Main legal provisions: (China's company law, maritime law and other laws have provisions on force majeure, but most of them are the emphasis and restatement of Article 117 of the Contract Law, which will not be listed here)

General Principles of the People's Republic of China Civil Law

Article 107

If the contract cannot be performed or the damage caused to others is caused by force majeure, the civil liability shall not be borne, except as otherwise provided by law.

General Provisions of the People's Republic of China Civil Law

Article 180

If a civil obligation cannot be performed due to force majeure, no civil liability shall be assumed. Where the law provides otherwise, such provisions shall prevail. Force majeure is an objective situation that cannot be foreseen, avoided and overcome.
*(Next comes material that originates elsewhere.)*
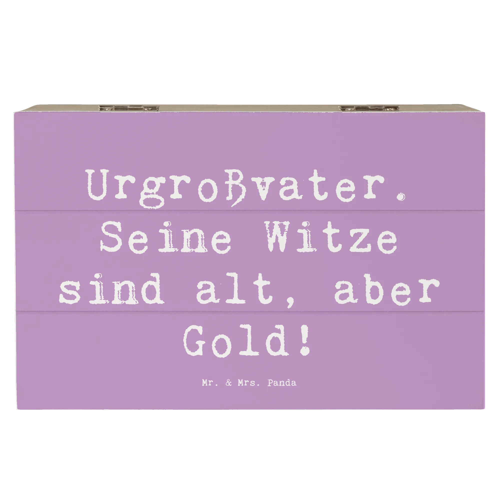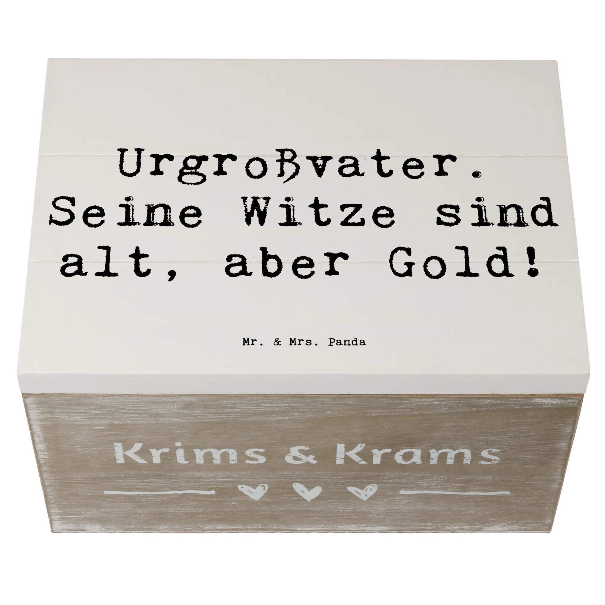 Auf der Kiste steht der witzige Spruch: "Urgroßvater. Seine Witze sind alt, aber Gold!", der mit viel Liebe und Humor gestaltet wurde. Damit ist sie nicht nur eine schöne Dekoration für Dein Zuhause, sondern auch ein echtes Stück Familiengeschichte, das generationsübergreifend Freude bereitet.

the People's Republic of China Contract Law

Article 94

A party may rescind a contract under any of the following circumstances:

The (I) is unable to achieve the purpose of the contract due to force majeure;

(II) prior to the expiration of the performance period, one of the parties expressly expresses or indicates by its own conduct that it will not perform its main obligation;

(III) one of the parties delays in performance of the main obligation and fails to perform within a reasonable period of time after being urged to do so;

(IV) one of the parties delays the performance of its obligations or has other breach of contract, resulting in the failure to achieve the purpose of the contract;

(V) other circumstances prescribed by law.

Article 97

After the termination of the contract, if the performance has not been performed, the performance shall be terminated; if the performance has been performed, the parties may, in accordance with the performance and the nature of the contract, request restoration to the original state, take other remedial measures, and have the right to claim compensation for losses.

Article 110

If one of the parties fails to perform a non-monetary debt or the performance of a non-monetary debt is not in accordance with the agreement, the other party may request performance, except in one of the following circumstances:

(I) it is legally or factually impossible to perform;

The subject matter of the (II) obligation is not suitable for compulsory performance or the performance cost is too high;

The (III) creditor fails to demand performance within a reasonable period of time.

Article 117

If the contract cannot be performed due to force majeure, the liability shall be partially or fully exempted according to the influence of force majeure, except as otherwise provided by law. If force majeure occurs after the party's delay in performance, it cannot be exempted from liability. For the purposes of this Law, force majeure means unforeseeable, unavoidable and insurmountable objective circumstances.

Article 118

If one of the parties is unable to perform the contract due to force majeure, it shall promptly notify the other party in order to mitigate the losses that may be caused to the other party, and shall provide proof within a reasonable period of time.

Article 119

After one of the parties breaches the contract, the other party shall take appropriate measures to prevent the expansion of the loss; if the loss is expanded due to the failure to take appropriate measures, it shall not claim compensation for the expanded loss. The reasonable expenses incurred by the parties to prevent the expansion of losses shall be borne by the breaching party.

Article 314

If the goods are lost in the course of transport due to force majeure and the freight has not been collected, the carrier shall not require the payment of the freight; if the freight has been collected, the shipper may request the return.